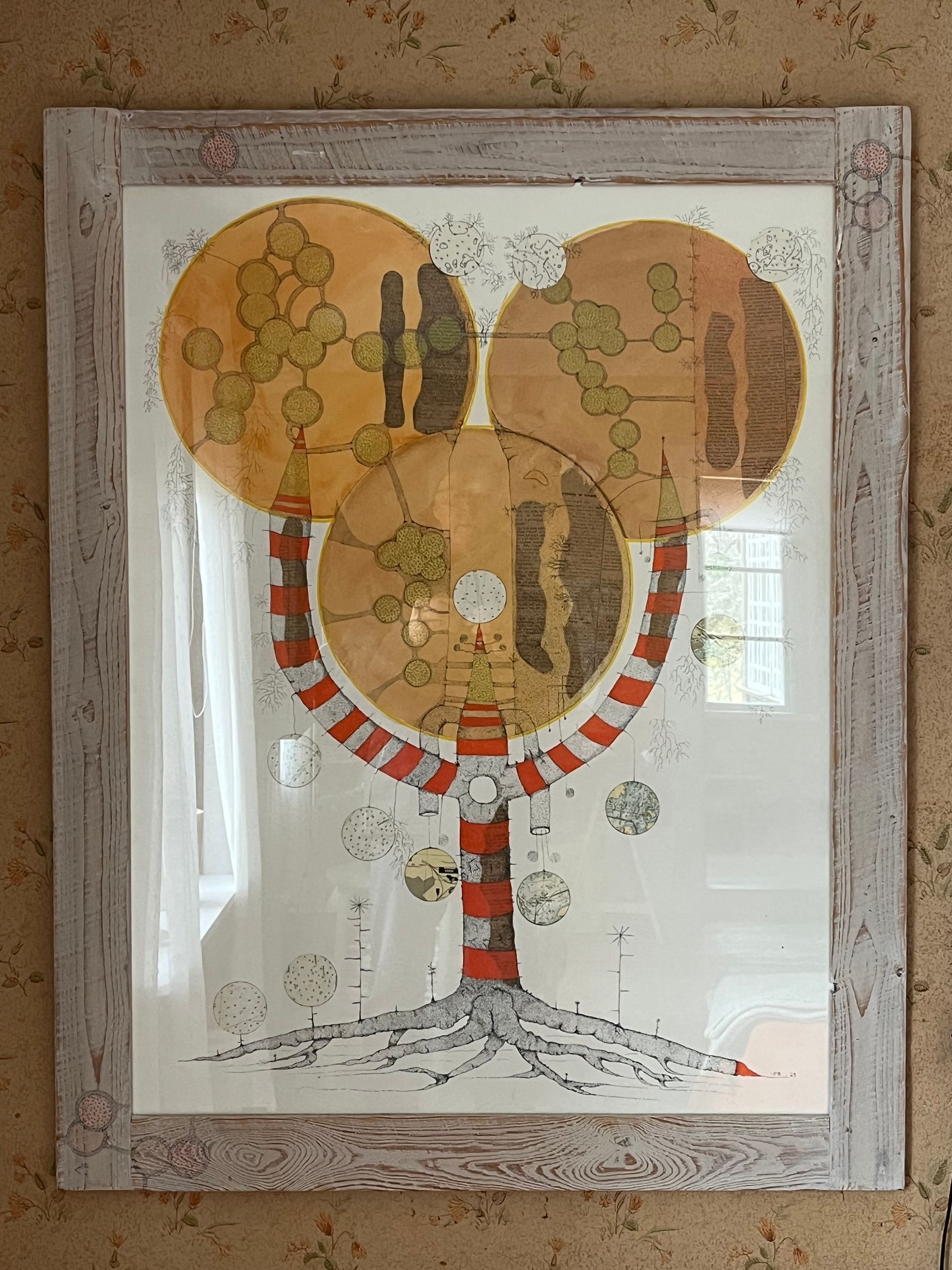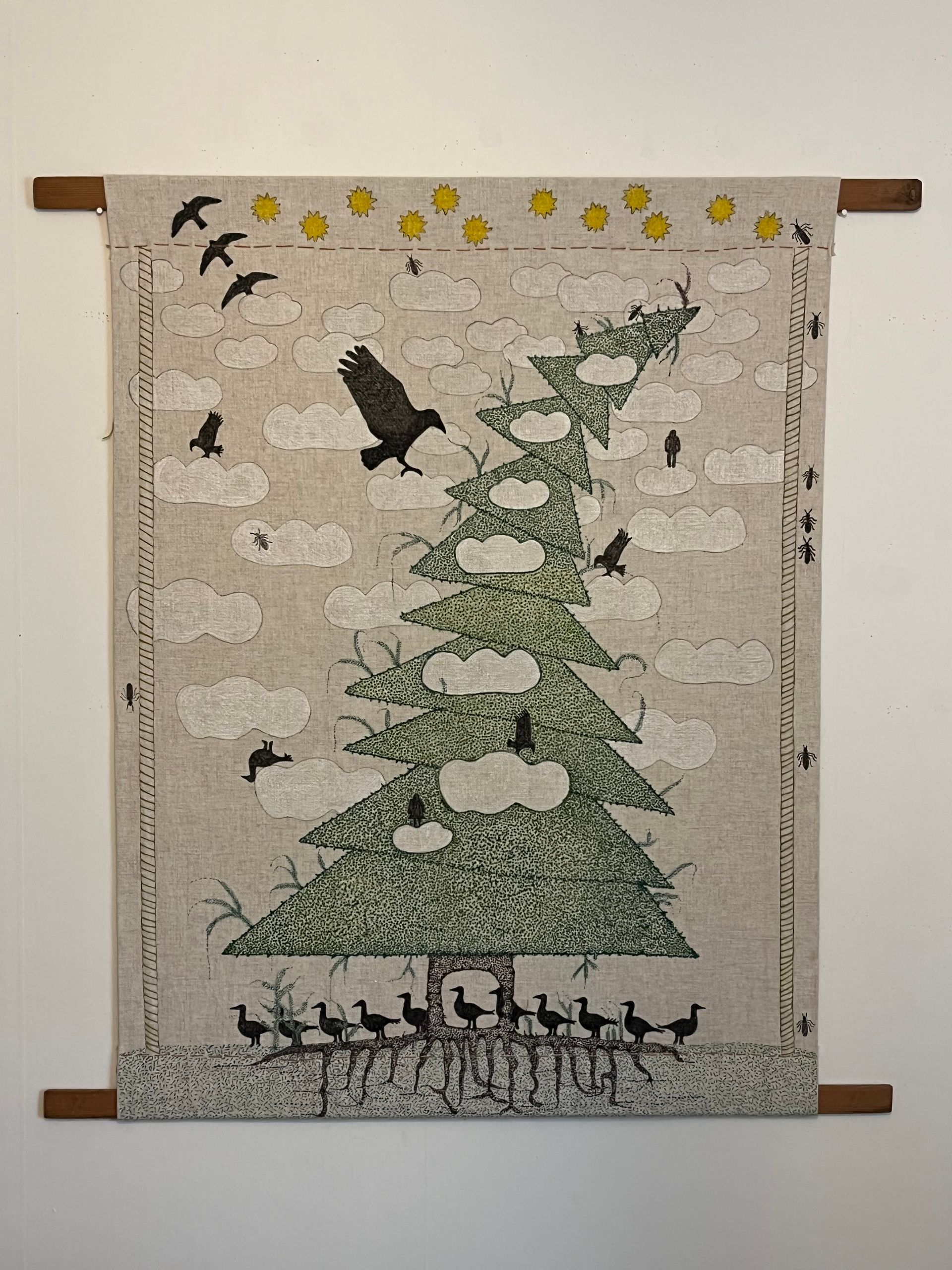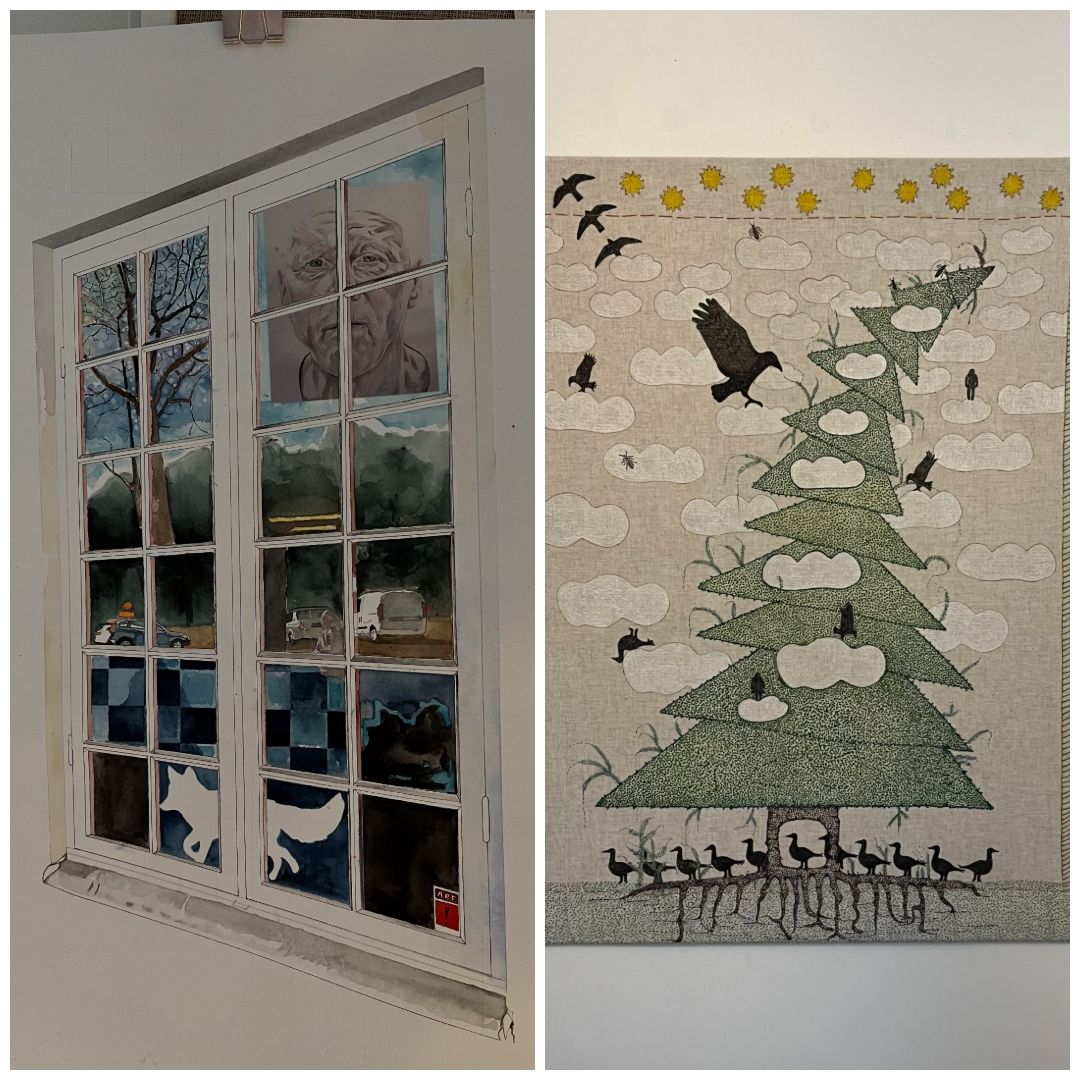 Inger Byren visar textil och blandteknik, där träd är ett kärt tema
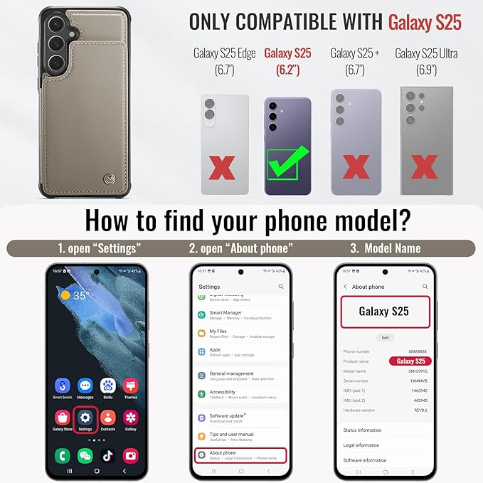 - for Samsung S25 Case with Card Holder: The for Galaxy S25 case is designed with card slots for drivers license, insurance cards, door access card, debit cards, etc; The case is easy to hold and remove, so you don’t need to take bulky purse to outdoor; This case for S25 is suitable for all ages of women & men
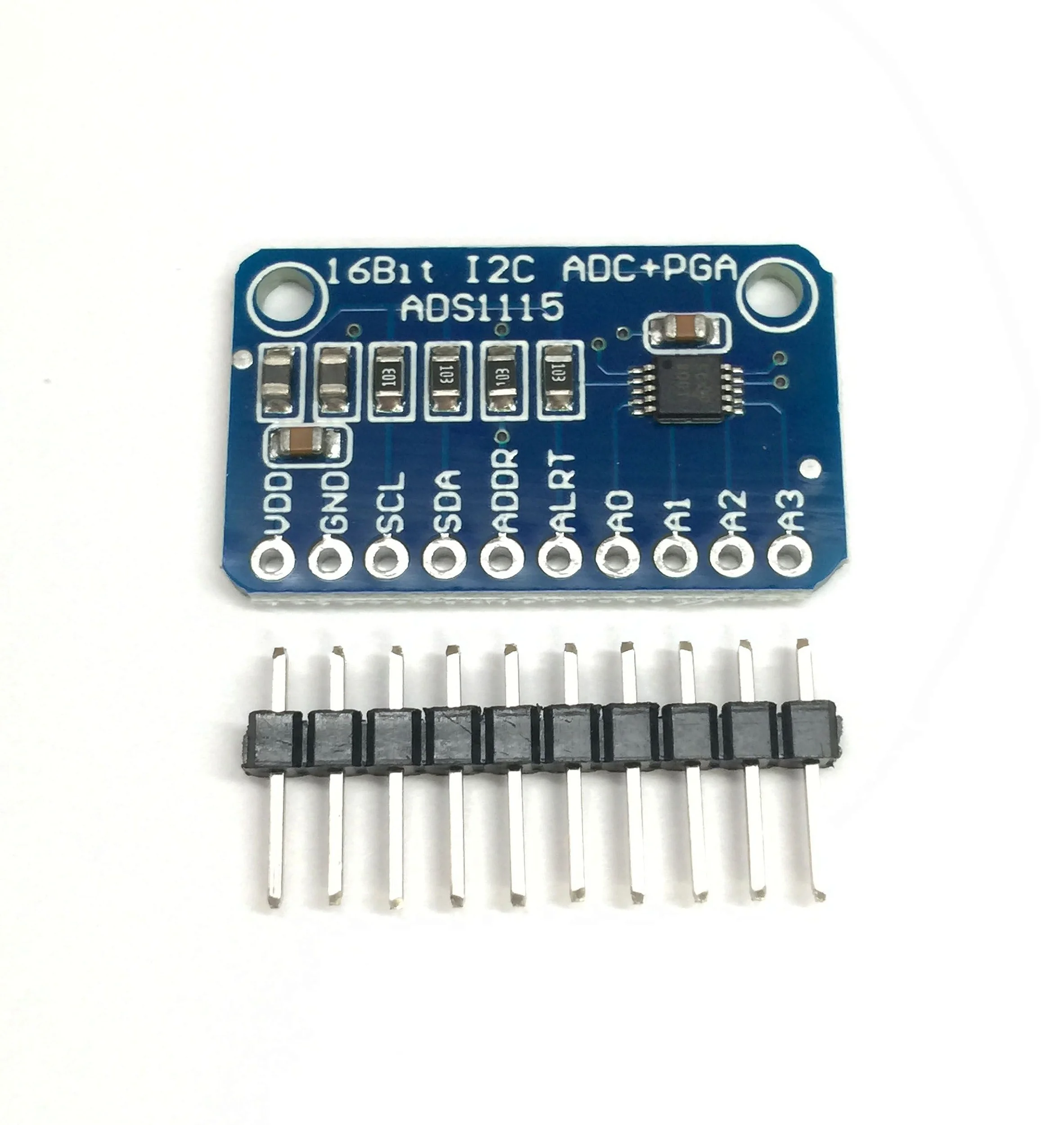 O conversor analógico digital 4 canais ADS1115 é um componente indicado para ocasiões onde o microcontrolador não possui um conversor analógico->digital embutido, ou quando é necessário maior resolução de leitura.

• PROBLEM REQUIREMENTS: All of the listing is to be written out exactly, with the pictures left out.

• ANSWER TO THIS PROBLEM:
 Inger Byren visar textil och blandteknik, där träd är ett kärt tema
 - for Samsung S25 Case with Card Holder: The for Galaxy S25 case is designed with card slots for drivers license, insurance cards, door access card, debit cards, etc; The case is easy to hold and remove, so you don’t need to take bulky purse to outdoor; This case for S25 is suitable for all ages of women & men
 O conversor analógico digital 4 canais ADS1115 é um componente indicado para ocasiões onde o microcontrolador não possui um conversor analógico->digital embutido, ou quando é necessário maior resolução de leitura.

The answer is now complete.